* [The problem]:
An exact copy of the entries is required, excluding any pictures.

[Dataset entries]
################
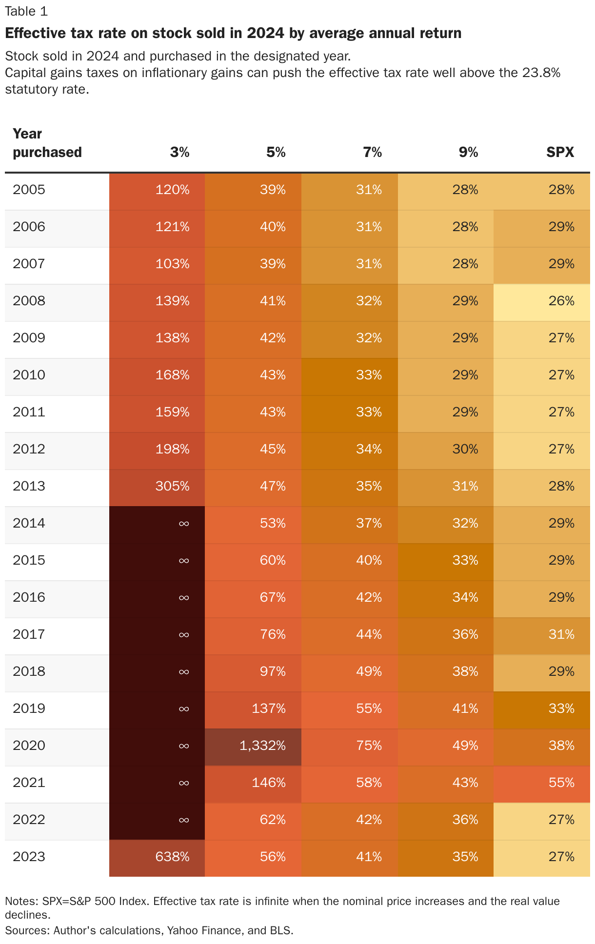 Stock sold in 2024 and purchased in the designated year. Capital gains taxes on inflationary gains can push the effective tax rate well above the 23.8% statutory rate.
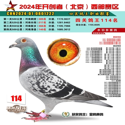 2024年开创者西部四关鸽王114名
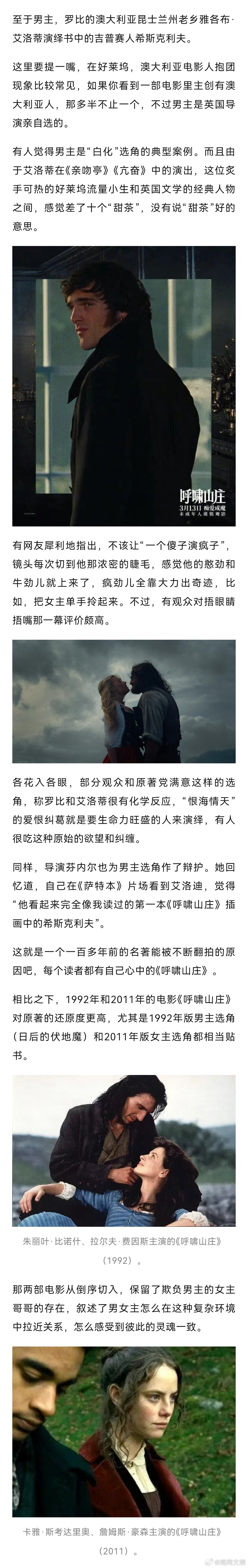 厌恶的人称该片杀伤力堪比“第一炉钢”(许鞍华版《第一炉香》)和《红楼梦之金玉良缘》,称这部最新改编完全脱离原著,毁掉了那个阴暗病态的悲剧:一个气血很足的“樊胜美”版凯瑟琳,配一个傻大个希斯克利夫,直接把“呼啸山庄”变成了“亢奋农庄”或“激情农场”,原著大量设定被改,而且男女主角爱得很空洞。
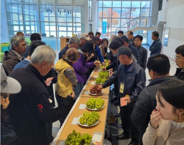 이날 평가회는 농업기술센터 및 안동샤인머스캣 작목반(50명)이 참석한 가운데 샤인머스캣 적기 수확 교육, 농가별 사례발표, 식미 평가 순으로 진행됐다.
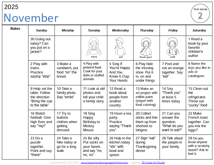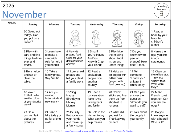 ECI Monthly news & updates | | Early Communicator Calendar | | | Expanding Language Calendar | |
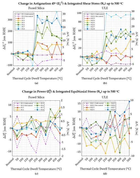 There is a marked increase in the astigmatism 45° deformation (and corresponding shear stress) for all figured samples after thermal cycling to 250 °C, and the amount it increases appears to correlate with the magnitude of induced antibiaxial stress (Figure 3a,b). This is unexpected since very little astigmatism 45° was imparted with ULSF. The power deformation (and corresponding equibiaxial stress) exhibits only very small changes in magnitude for both materials after thermal cycling to 500 °C (Figure 3c,d).
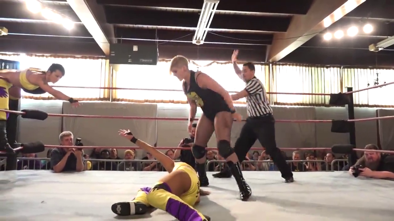 Team Slap Happy vs. Rhia O'Reilly & Saraya Knight at SHIMMER Volume 76
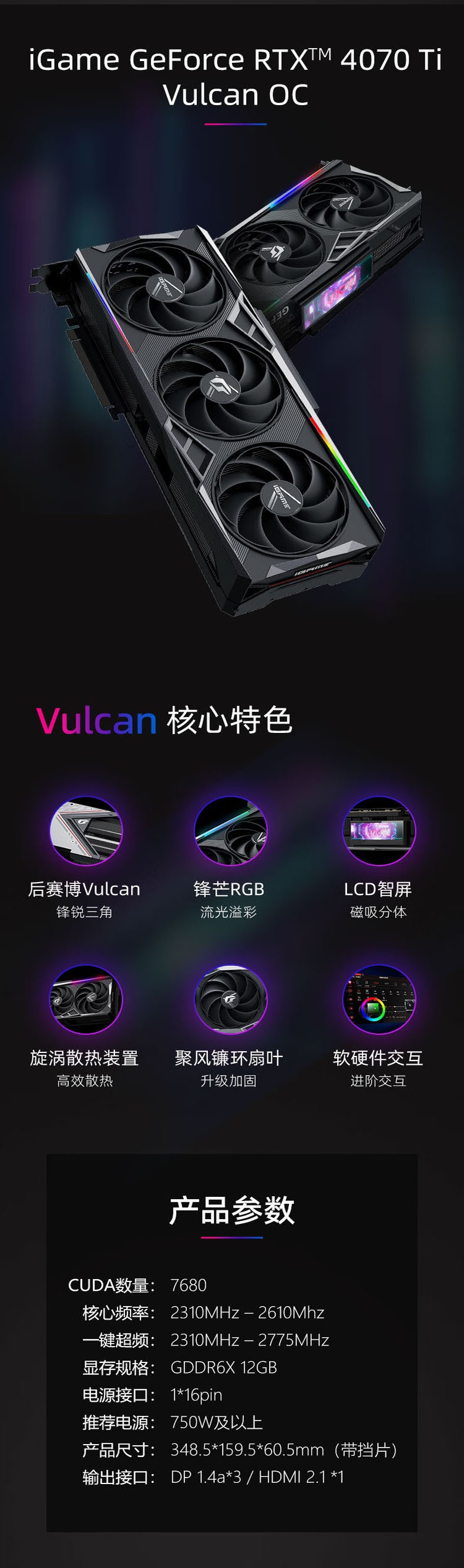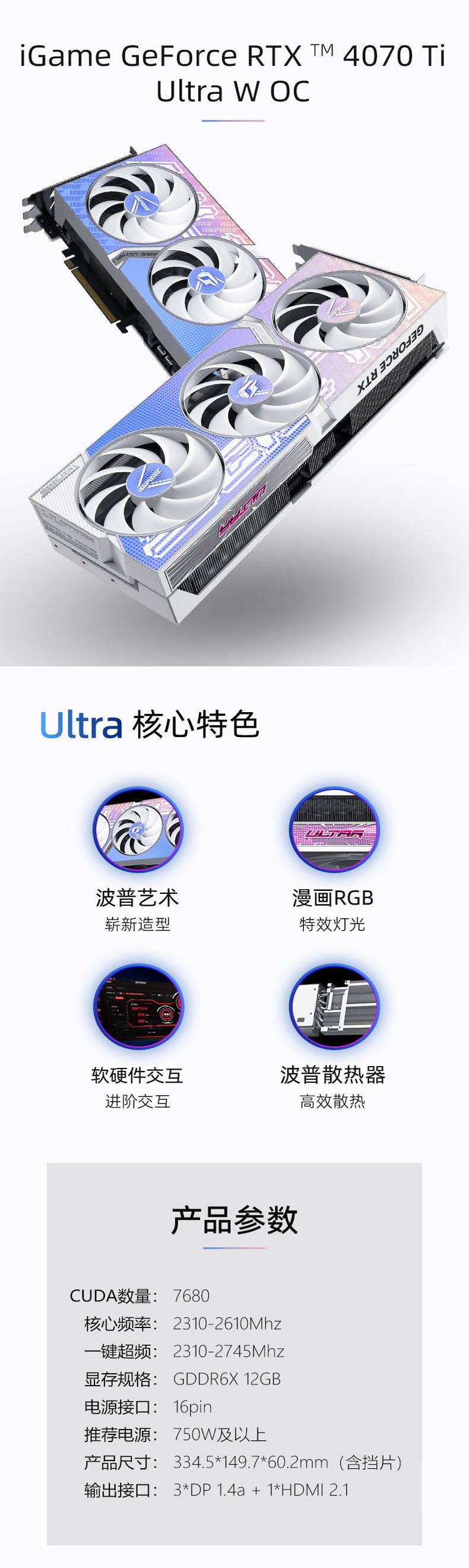다채로운 RTX 4070Ti Ultra Fire God 브랜드의 새로운 e-스포츠 게임 데스크톱 컴퓨터 독립 디스플레이에 적용 가능
################
* [Solved exercise]:
 Stock sold in 2024 and purchased in the designated year. Capital gains taxes on inflationary gains can push the effective tax rate well above the 23.8% statutory rate.
 2024年开创者西部四关鸽王114名
 厌恶的人称该片杀伤力堪比“第一炉钢”(许鞍华版《第一炉香》)和《红楼梦之金玉良缘》,称这部最新改编完全脱离原著,毁掉了那个阴暗病态的悲剧:一个气血很足的“樊胜美”版凯瑟琳,配一个傻大个希斯克利夫,直接把“呼啸山庄”变成了“亢奋农庄”或“激情农场”,原著大量设定被改,而且男女主角爱得很空洞。
 이날 평가회는 농업기술센터 및 안동샤인머스캣 작목반(50명)이 참석한 가운데 샤인머스캣 적기 수확 교육, 농가별 사례발표, 식미 평가 순으로 진행됐다.
 ECI Monthly news & updates | | Early Communicator Calendar | | | Expanding Language Calendar | |
 There is a marked increase in the astigmatism 45° deformation (and corresponding shear stress) for all figured samples after thermal cycling to 250 °C, and the amount it increases appears to correlate with the magnitude of induced antibiaxial stress (Figure 3a,b). This is unexpected since very little astigmatism 45° was imparted with ULSF. The power deformation (and corresponding equibiaxial stress) exhibits only very small changes in magnitude for both materials after thermal cycling to 500 °C (Figure 3c,d).
 Team Slap Happy vs. Rhia O'Reilly & Saraya Knight at SHIMMER Volume 76
다채로운 RTX 4070Ti Ultra Fire God 브랜드의 새로운 e-스포츠 게임 데스크톱 컴퓨터 독립 디스플레이에 적용 가능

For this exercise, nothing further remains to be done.